WORK ITEM
Only the lines below from the one containing "Gwendy e' di" through the one containing "Según la información" belong in the answer, set down exactly, with the pictures left out.

DATA FOR REVIEW
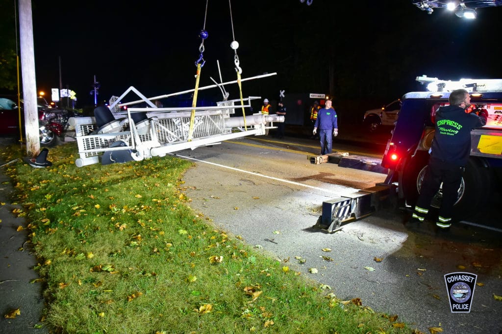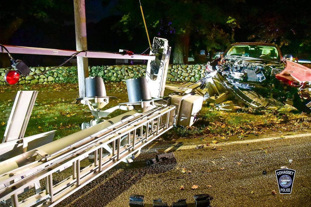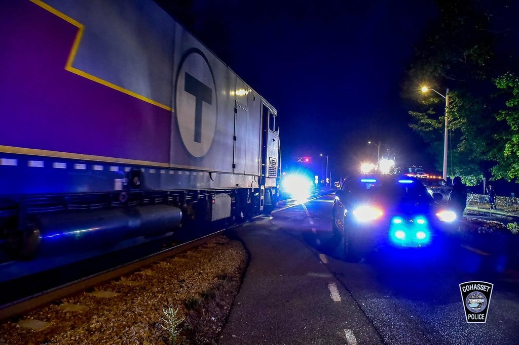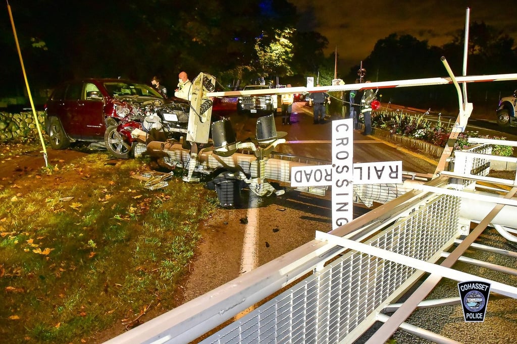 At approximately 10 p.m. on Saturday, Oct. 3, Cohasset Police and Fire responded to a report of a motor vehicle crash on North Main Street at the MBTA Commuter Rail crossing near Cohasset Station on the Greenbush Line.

* * *

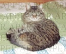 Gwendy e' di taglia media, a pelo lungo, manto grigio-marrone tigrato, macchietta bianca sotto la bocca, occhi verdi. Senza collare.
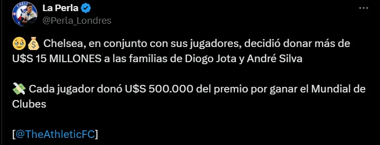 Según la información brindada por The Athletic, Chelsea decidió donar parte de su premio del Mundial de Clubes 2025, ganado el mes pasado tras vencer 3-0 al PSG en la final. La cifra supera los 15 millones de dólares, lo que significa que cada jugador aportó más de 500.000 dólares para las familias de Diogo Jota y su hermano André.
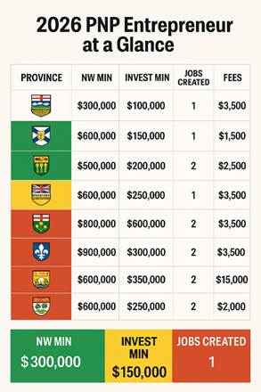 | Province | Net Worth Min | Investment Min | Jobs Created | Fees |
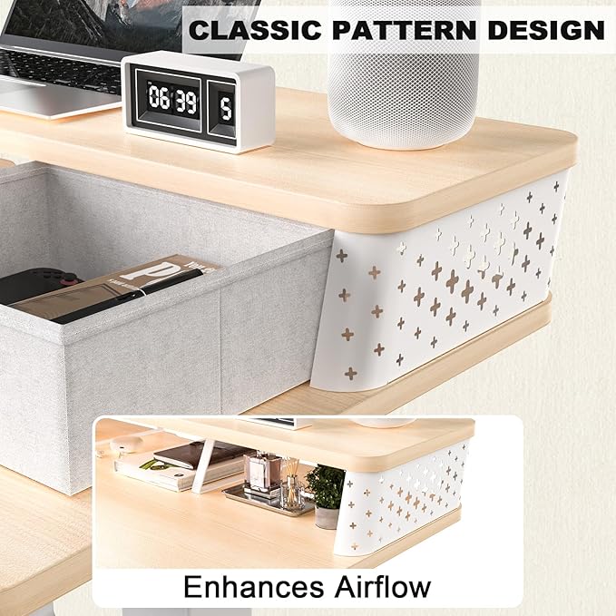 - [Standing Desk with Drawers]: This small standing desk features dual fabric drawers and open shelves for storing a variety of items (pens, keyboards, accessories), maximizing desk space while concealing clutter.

* * *

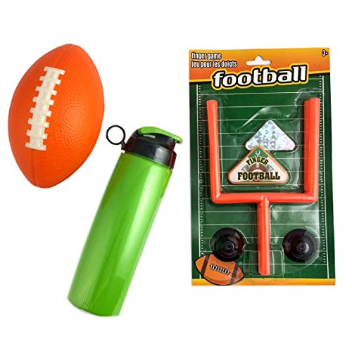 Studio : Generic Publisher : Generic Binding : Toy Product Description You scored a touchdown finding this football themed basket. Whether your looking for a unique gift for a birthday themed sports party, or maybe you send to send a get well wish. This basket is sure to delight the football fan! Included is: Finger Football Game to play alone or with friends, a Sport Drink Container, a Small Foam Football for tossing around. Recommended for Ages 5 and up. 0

ANSWER
 Gwendy e' di taglia media, a pelo lungo, manto grigio-marrone tigrato, macchietta bianca sotto la bocca, occhi verdi. Senza collare.
 Según la información brindada por The Athletic, Chelsea decidió donar parte de su premio del Mundial de Clubes 2025, ganado el mes pasado tras vencer 3-0 al PSG en la final. La cifra supera los 15 millones de dólares, lo que significa que cada jugador aportó más de 500.000 dólares para las familias de Diogo Jota y su hermano André.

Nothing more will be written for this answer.